Looking at your credit score may not be on your top 10 list of things to do. You might not be thinking about applying for a loan, a credit card, or a new job. However, your credit score isn’t something you want to ignore. Checking your credit report and score at least once a year can help catch and correct errors and potential fraud.
It’s also a good idea to check your score if you do need to borrow money. Some of the most important financial moves you make in life are linked to that score. It’s what lenders, landlords, insurance and utility companies, and many employers use to determine whether you’re a risk. For this reason and more, read on to learn exactly why you should care about your credit score.
The lower your credit score, the less chance you have of a lender approving your loan or credit card application. Even if you can afford the monthly payments, a lender can still deny your request because of a low score.
If you do get approved, you may only qualify for a subprime loan or high-APR credit cards. You may need to get a secured credit card in order to help potentially restore your credit. If you don’t have sufficient credit history, obtaining conventional loans and unsecured credit cards will also be more difficult.
Fewer financing and credit options can impact your ability to buy the house you want. When it comes time to get a new car, you’ll be limited as well. You may have to choose among less than desirable vehicles you can pay cash for. While you could find a co-signer, not everyone is willing to put their credit on the line. If friends and family know there’s a higher chance you won’t make payments on time, they’ll be more hesitant.
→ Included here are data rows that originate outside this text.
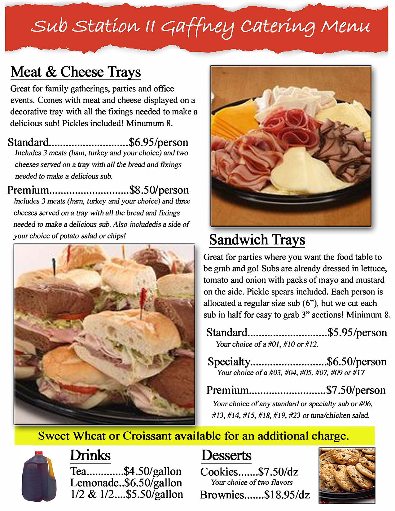 At Sub Station II of Gaffney we offer a variety of catering options to fit your needs. Boxed Meals are great for an office lunch or on-the-go field trip. Meat and Cheese Trays allow your guests to build their sub to their liking and are perfect for family meals, holiday gatherings and even wedding rehearsals. Our Giant Salads are always a delicious and healthy addition to your table and our Sandwich Trays offer an easy grab-and-go option for birthday parties, baby and bridal showers.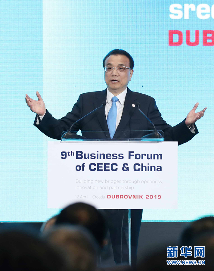 當(dāng)?shù)貢r(shí)間4月12日上午,國(guó)務(wù)院總理李克強(qiáng)在杜布羅夫尼克與中東歐16國(guó)領(lǐng)導(dǎo)人共同出席第九屆中國(guó)-中東歐國(guó)家經(jīng)貿(mào)論壇開幕式并致辭。 新華社記者 劉衛(wèi)兵 攝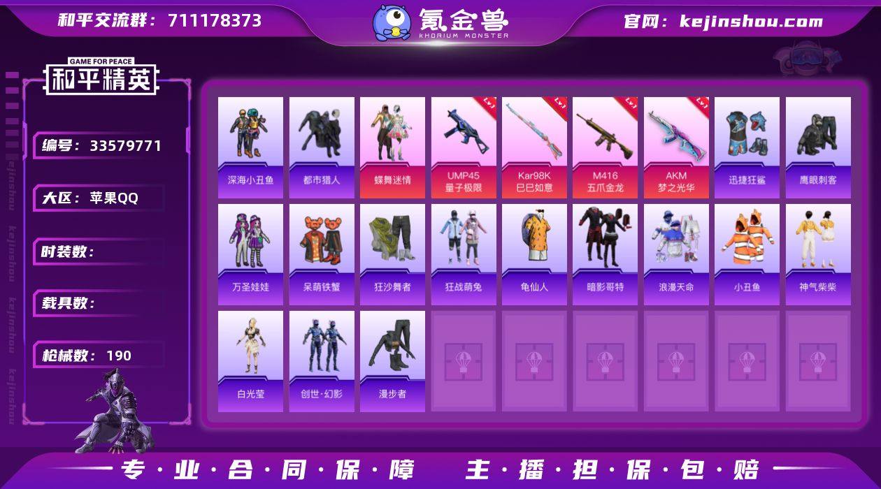 hs69954 苹果手Q-8王牌印记-3粉装-11特效枪-56951热力值-133套装-190枪皮-1卓越印记 【3粉装】人物-小舞·灵珑,套装-蝶舞迷情,角色-罪夜之冕 【11特效枪】AUG-罪夜之冕/6级,Mk14-福马献瑞/5级,MP7-G-水中影/4级,ACE32-萌骑漫游/1级,AA12-G-萌骑幻想/1级,AKS-74U-森灵之息/5级,M416-五爪金龙/6级,Kar98K-巳巳如意/4级,AKM-梦之光华/5级,DP-28-豹影疾电/5级,UMP45-量子极限/5级 【7稀有紫装】都市猎人,暗影哥特,深海小丑鱼,浪漫天命,迅捷狂鲨,小丑鱼,龟仙人 【128稀有时装】蝶舞迷情,小舞·灵珑,罪夜之冕,迅捷龙虾,SS38特训,都市猎人,浪漫天命,龟仙人,暗影哥特,深海小丑鱼,小丑鱼,迅捷狂鲨,狂战萌兔,狂沙舞者,萌趣咩咩,龙魂突击队,霜刃之御,白糯汤圆,创世·幻影,星途旅人,冰河战士,AG战队服,战术大师,马上有钱,蝶变,元素星魂,月烬之祷,琴音绮想,画境星梦,游乐,懒羊羊,书海巡游,薄荷星砂,白光莹,青翼流星,SS35特训,SS29特训,SS31特训,SS33特训,SS32特训,暴风机械师,明鸳圣池,SS36特训,幽秘魅影,龙的传人,潮流炫酷,白熊同盟,SS37特训,SS28特训,特训学院,猎鹰,青年教官,红色运动,黄色运动,蓝色运动,黄色伏地魔,白色伏地魔,热血青春,活力之心,SS9特训,阳光火鸡,湖蓝色名流,黄色名流,酷...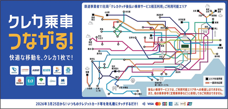 関東の鉄道事業者11 社局の路線を対象とした、クレジットカード等のタッチ決済による後払い乗車サービスの相互利用を開始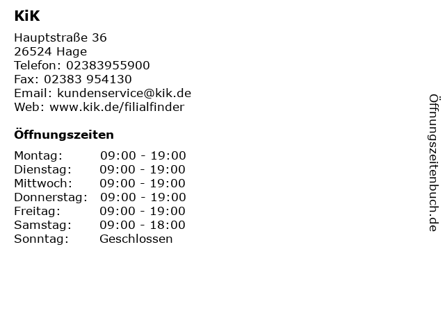 | Öffnungszeiten KiK in Hage anzeigen | |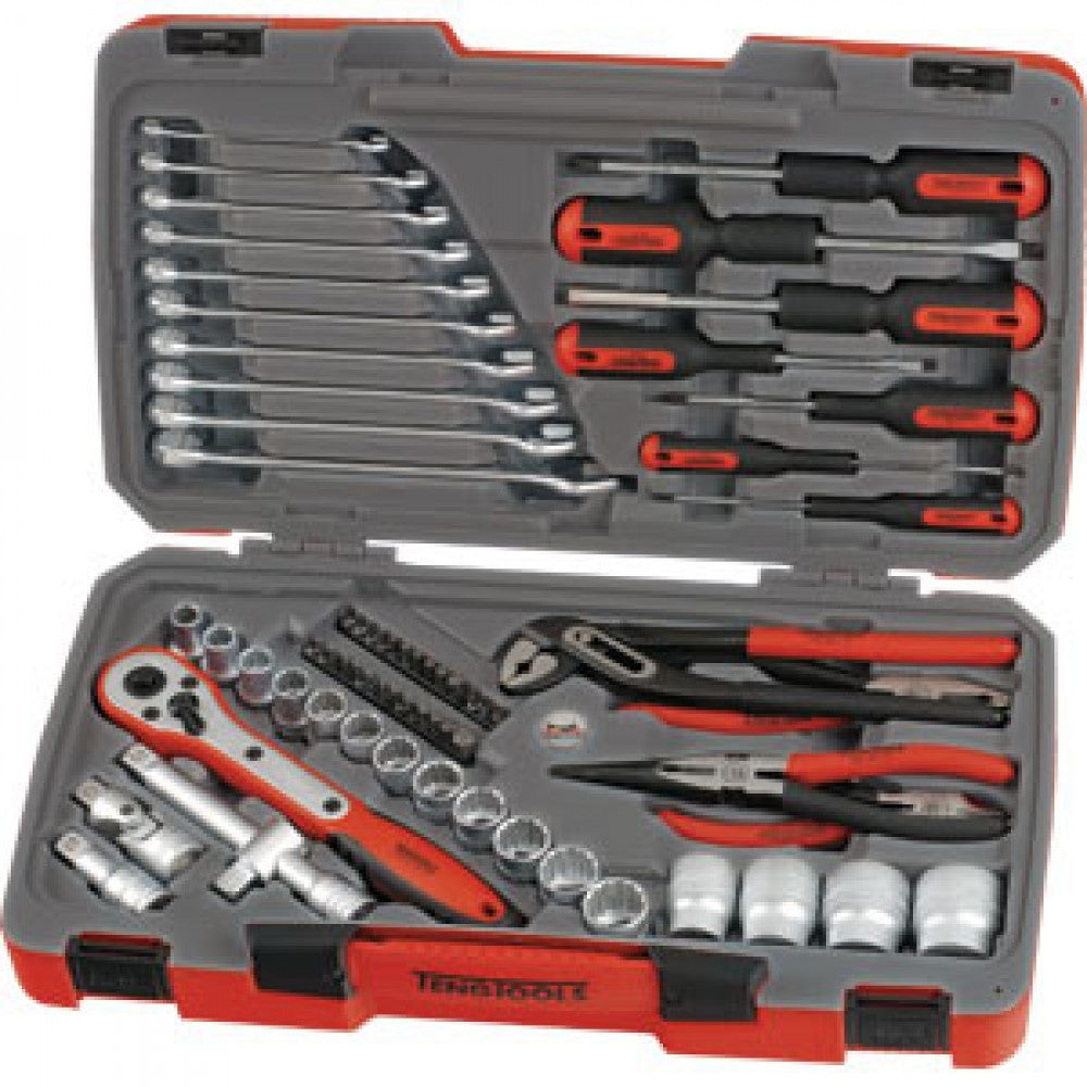 T1268 - 1/2in Drive Metric Socket & Tool Set 68 piece 1/2in drive tool set containing 16 regular 12 point metric sockets FRP ratchet universal joint 2-1/2in and 6in extension bars adaptor 3/8F:1/2M bits holder with magnetic bits holder 10 combination spanners 6 screwdrivers 4 pliers as well as 26 bits. Supplied in a plastic carrying case with latch lid retractable handle and metal pin hinges. The underside of the case is fitted with rubber feet to prevent it from sliding. Set Contents: • Accessories: 1/2in Dr. FRP ratchet 2-1/2in and 6in extension bars universal joint 1/2F:3/8M T-bar adaptor bits driver handle with magnetic bits holder. • Regular sockets (1/2in drive 12 point): 10 11 12 13 14 15 16 17 18 19 21 22 27 30 32mm • Combination spanners: 8 10 11 12 13 14 15 16 17 19mm • Screwdrivers: 3.0mm flat 5.5mm flat 6.5mm flat PH0 PH1 PH2 • Pliers - 6in side cutter 7in combination 8in long nose 10in water pump • Bits (25mm 1/4in hex): TX8 TX10 TX15 TX20 TX25 TX27 TX30 TX40 TX45 TX50 3mm hex 4mm hex 5mm hex 6mm hex 8mm hex 10mm hex PH0 PH1 PH2 PH3 PZ1 PZ2 PZ3 4mm flat 5.5mm flat 7mm flat Case Size: 466 x 258 x 103mm Net Weight: 6.72kg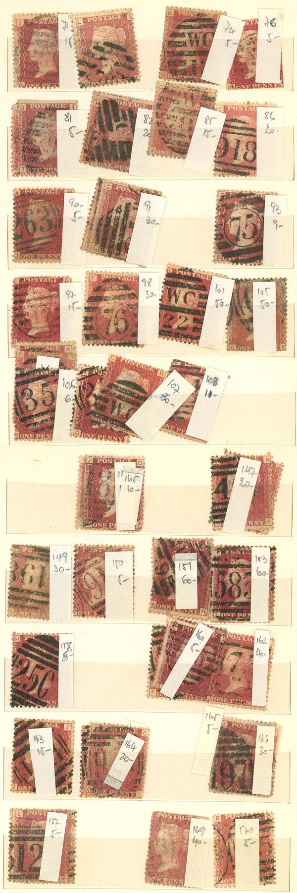 Yvert 26, 1858/64 1p. carmine red, small stockbook with over 100 stamps, most are classified according to plate number, it includes several very interesting examples, low start! (Image)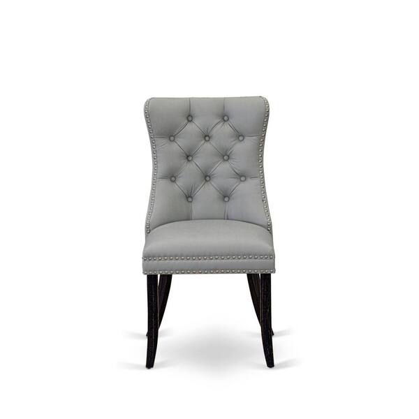 Sand Blasted Black, Parson Kitchen Chairs - Light Gray Faux Leather Upholstered Dining Chairs, Set of 2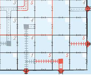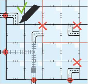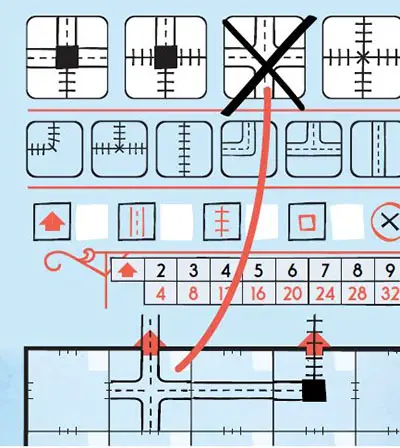 Then, each player must check for incomplete Routes. Each end of a Route that does not connect with any other Route or the outer edge of the board counts as an Error. Mark each one of these Errors with this symbol:
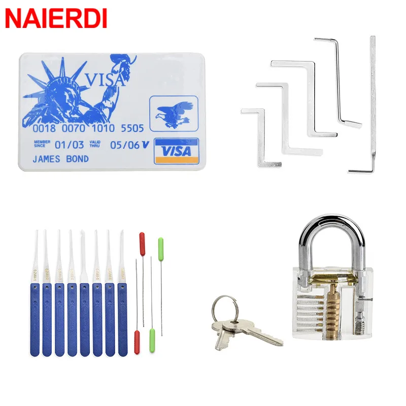 Набор отмычек NAIERDI, слесарные инструменты, экстрактор сломанных ключей с прозрачными замками, учебный Комбинированный Замок для обучения

When you apply for credit and a lender approves you, your credit score determines your interest rate. By qualifying for the lowest interest rates, you’ll pay less to borrow that money. You may not notice much of a difference with a credit card balance you pay off in a few months. However, with a 30-year mortgage, a lower interest rate will save you tens of thousands of dollars.
If you take out a $240,000 30-year mortgage at 2.518%, for example, you’ll pay $102,194 in interest. The same loan at 4.107% will cost you $177,834. You can use a loan savings calculator to determine how your score impacts interest with different types of home loans.
Lenders typically use FICO credit score ranges to assess your borrowing risk. A good score falls between 670 and 739, while a very good credit score is between 740 and 799. Scores of 800 to 850 are considered exceptional.
Insurance companies typically check your credit report and score when you apply for a policy. This includes homeowners, auto, renters, and condo insurance. If your credit score is poor and doesn’t meet the insurer’s requirements, you could end up with a higher premium. Combined with other risk factors the company uses in its formula, you might miss out on discounts.
Unlike lenders, an insurance company probably won’t turn you away because of a bad credit score. But if your score remains low for years, you’ll shell out additional dollars each month that you could spend elsewhere. Higher premiums might prevent you from having enough discretionary income for retail therapy or the occasional vacation.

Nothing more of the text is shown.